How to Raise Grateful Kids: Strategies to Take Beyond Thanksgiving Week

Beyond food, family, friends and football, Thanksgiving is about being grateful. It’s literally right in the name. But gratitude can go far beyond annual holidays. In fact, most of us would love to raise kids who are appreciative, kind, empathetic, and heart-focused in their daily lives. Whether they’re volunteering for those who are less fortunate, accepting help or compliments with gratitude, or simply showing appreciation for others, having children and teens who don’t take things (or people!) for granted is truly a parenting win. But how can we raise grateful kids to not only show, but also truly feel gratitude?

Here are some tips to help you have more opportunities to foster gratefulness in your kids:

Talk about feelings.

For young children, it may be difficult to fully comprehend that giving can feel as good as receiving, whether it’s gifts, favors, or simple gestures, like visiting an elderly neighbor who lives alone. Start by encouraging them to acknowledge and talk about their own feelings when someone does something nice for them. To develop empathy, ask them how it might feel to someone to spend several days and nights alone without visitors—such as with an elderly shut-in—as well as what they think that person might feel if you brought them cookies or simply played a board game with them. 

For more, listen to this episode on building your family’s emotional sanctuary.

Encourage acts of thanks and generosity. 

Teaching gratitude is sometimes easier when there’s a discussion about privilege. Depending on your child’s age, you can talk about things you’re grateful for that help your family feel safe and secure. For example: “We have somewhere warm to live, we have food to eat when we are hungry, and we have a family who loves and supports us. Some people don’t have those things, or they may have some of them but not all of them.” If you have a friend, family member, teacher, neighbor or other person that you’d like to support, ask for your child’s (or teen’s) input on what they may be able to do to make that person feel loved, appreciated, or supported. 

Get the ball rolling with some basic suggestions, such as, “Would you draw a picture for Grandma to hang on her refrigerator so that she’ll smile and think of you when she sees it?” Or, “It’s very hot outside today. What do you think we could leave out for the garbage collector to show him that we appreciate him and want him to stay cool while he’s working?”

Let them choose volunteer opportunities.

Although sharing an interest in your favorite charity or cause would be a tidy way to engage your child or teen in volunteer work, you’re much more likely to see a genuine commitment if your kid is organically moved to take action. If they love animals, for example, they may want to hold a bake sale or sell lemonade to raise money for the local no-kill shelter. If they see an unhoused person shivering in the cold, they may decide to knit hats or scarves to hand out directly. Or maybe they want to donate some toys to a local family shelter. Or perhaps they’ve got anxiety related to climate change and want to start a blog about all the reasons we should be grateful and protective of clean drinking water, coral reefs, or sustainable green energy. Let their interest—not yours—guide them toward volunteer work or good deeds.
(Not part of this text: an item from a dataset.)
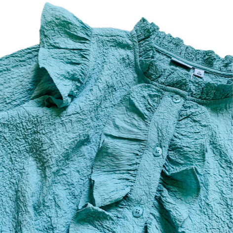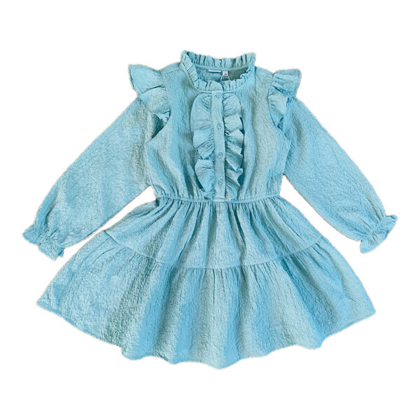 Mint krāsas kleita ar volāniem. Viduklī gumija. Priekšpusē pogas. Svārku daļa kupla. Audums ar "burzītu" struktūru.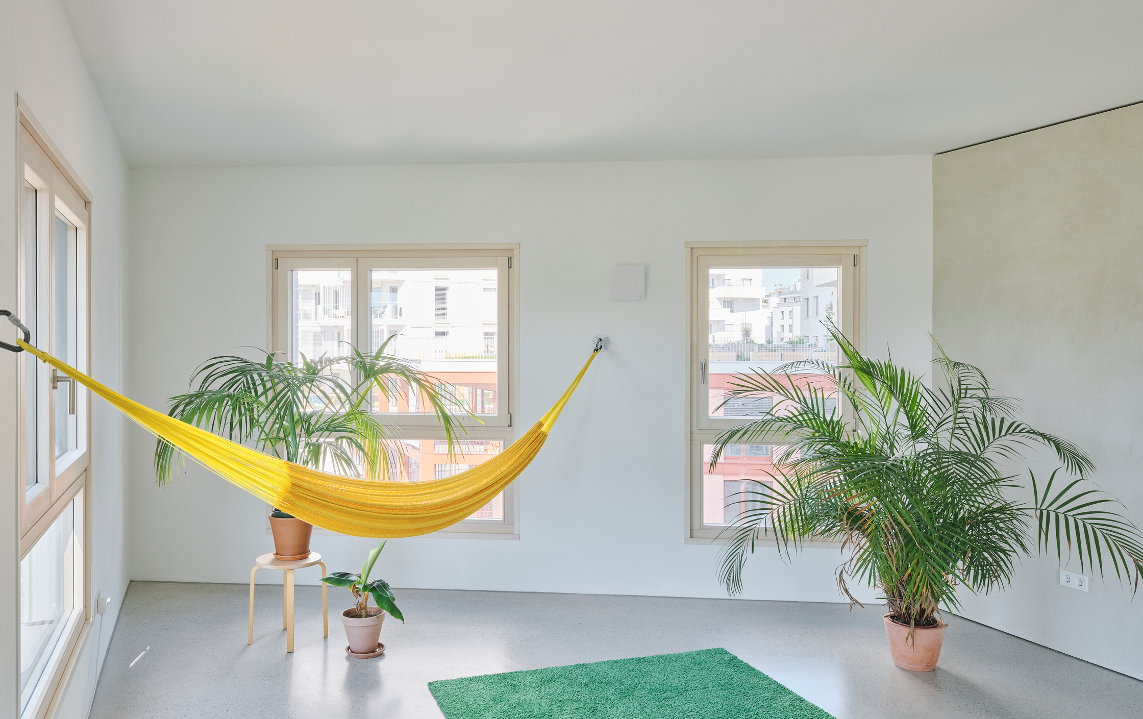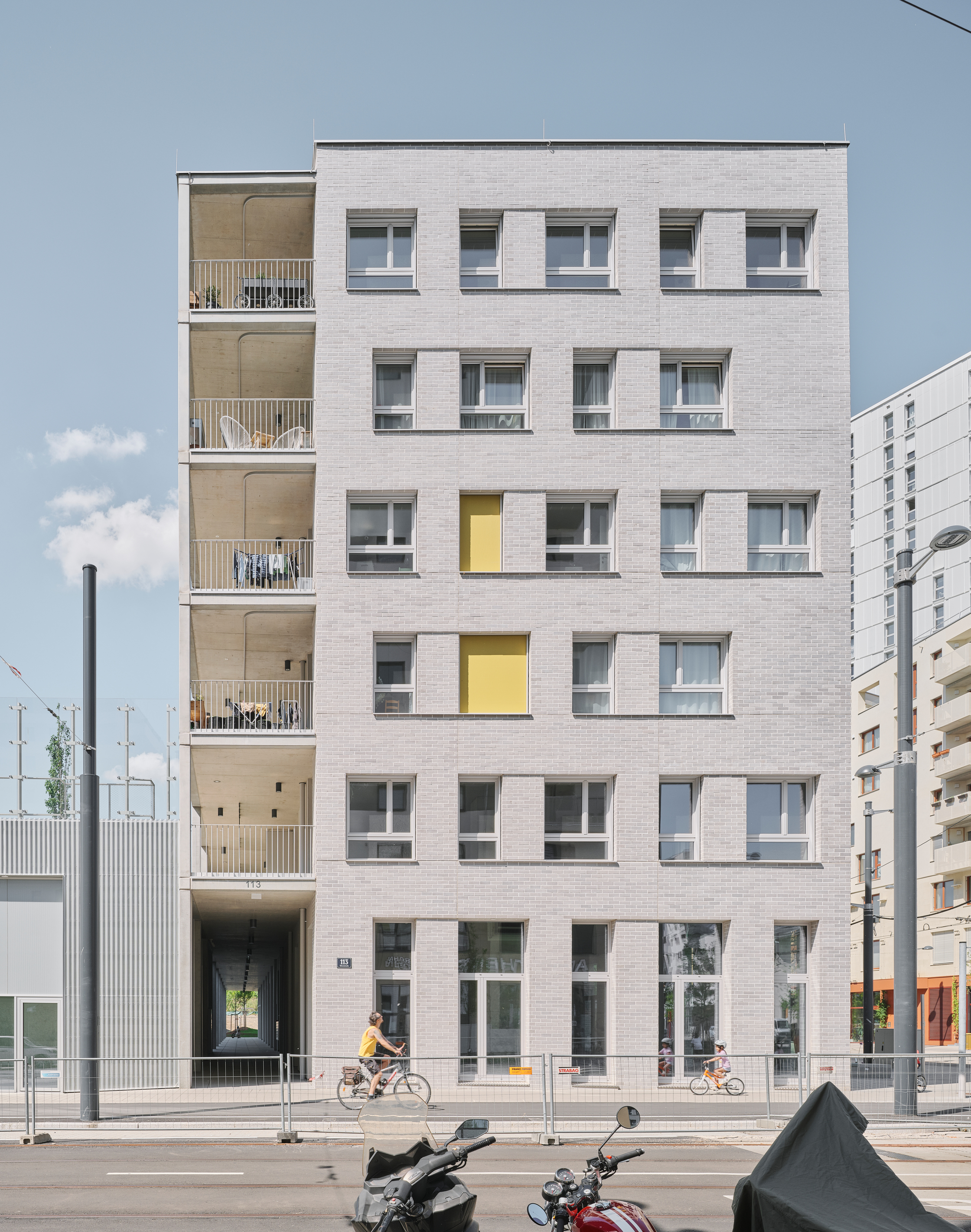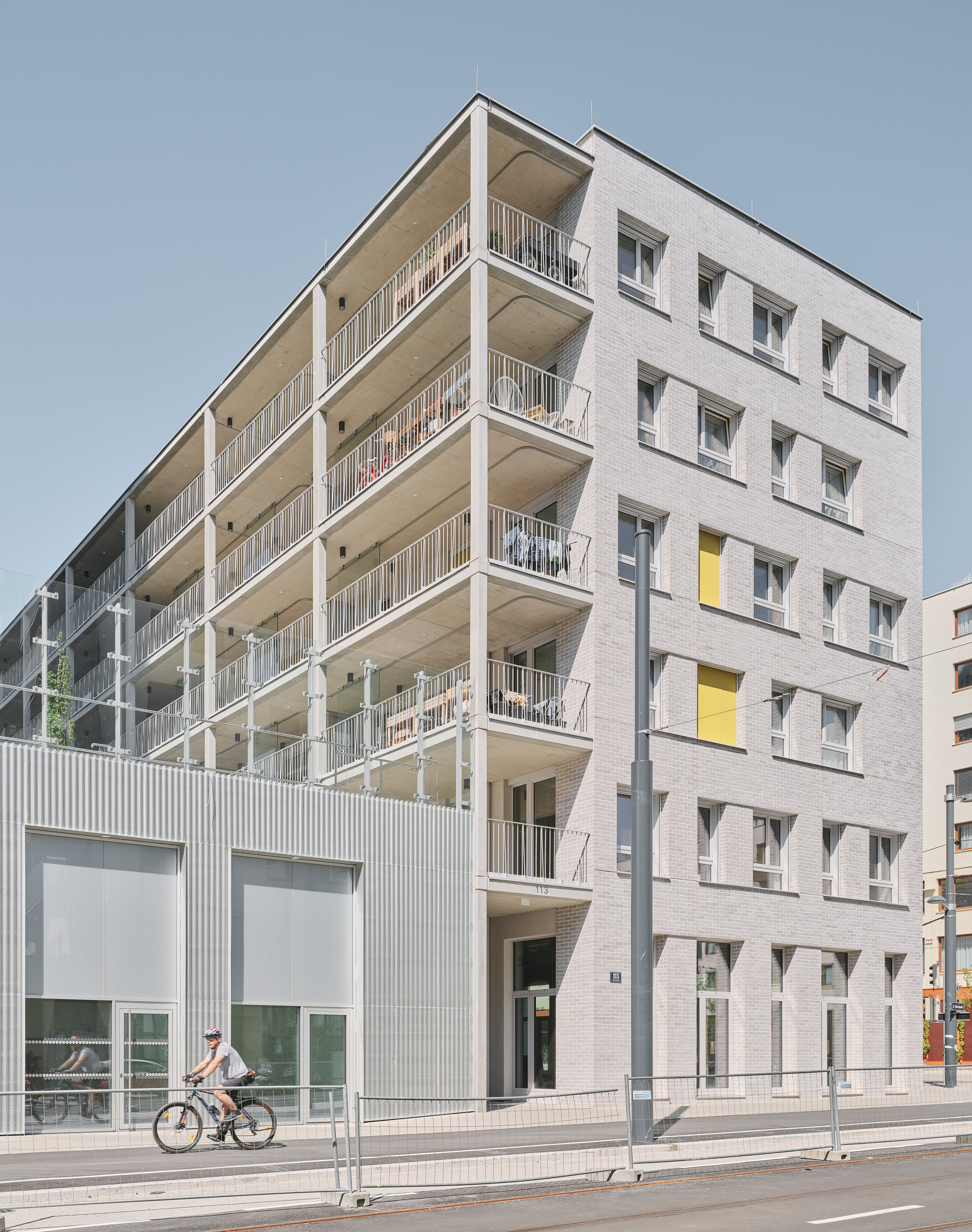 Die Stahlbetonbauweise besteht aus tragenden Außenwänden und einer Reihe von tragenden Schachtwänden in der zentralen Gebäudeachse, sodass mit minimalem Materialeinsatz eine größtmögliche Flexibilität erreicht wurde.

Read more: 5 Unexpected Benefits of Volunteering as a Family

Praise acts of kindness and gratitude. 

As children and teens mature, they’ll learn appropriate ways to demonstrate kindness and gratitude. If you see them open a door for someone, return a stray shopping cart to the corral, or thank someone for their kindness, be sure to mention it. You can also ensure they overhear you praising their acts of kindness or gratitude while telling a friend or family member. This will help reinforce your family’s values while boosting a child’s confidence that they’ve making good decisions and contributing to the world in ways that are compassionate, constructive, and helpful.

Model gratitude. 

Kids and teens are more likely to do as they’re shown, not told, when it comes to gratitude and kindness. Lead by example by sharing some gratitude highlights from your day over dinner, while you’re tucking them in, or on the ride home from school or sports practice. If your child or teen does something at home—whether it was an assigned chore or just an above-and-beyond act of support or generosity, be sure to thank them. “I appreciate you doing your chores without being reminded!” or “Wow! I was so pleasantly surprised to come home and find the dishes done! Thank you!” can go a long way to reinforce positive feelings regarding giving and receiving kind gestures.

Creating habits and rituals through your day where you reflect on what you’re grateful for is the easiest way to make gratitude part of everyday life—not just a holiday.

Focusing on gratitude can also help tame our desire for more “stuff.” When we’re content with what we have and focus on the comfort and joy that comes with having our basic needs met, the longing to acquire “things” is often tamed. 

Best of all, gratitude can serve as a reminder that in the present moment, we are safe, healthy, fed, etc., allowing us to fully appreciate the security of the “now.” Raising grateful kids will go a long way in helping them recognize and appreciate contentment and happiness as adults, which is as valuable a tool as any parent can hope to pass on to their kids.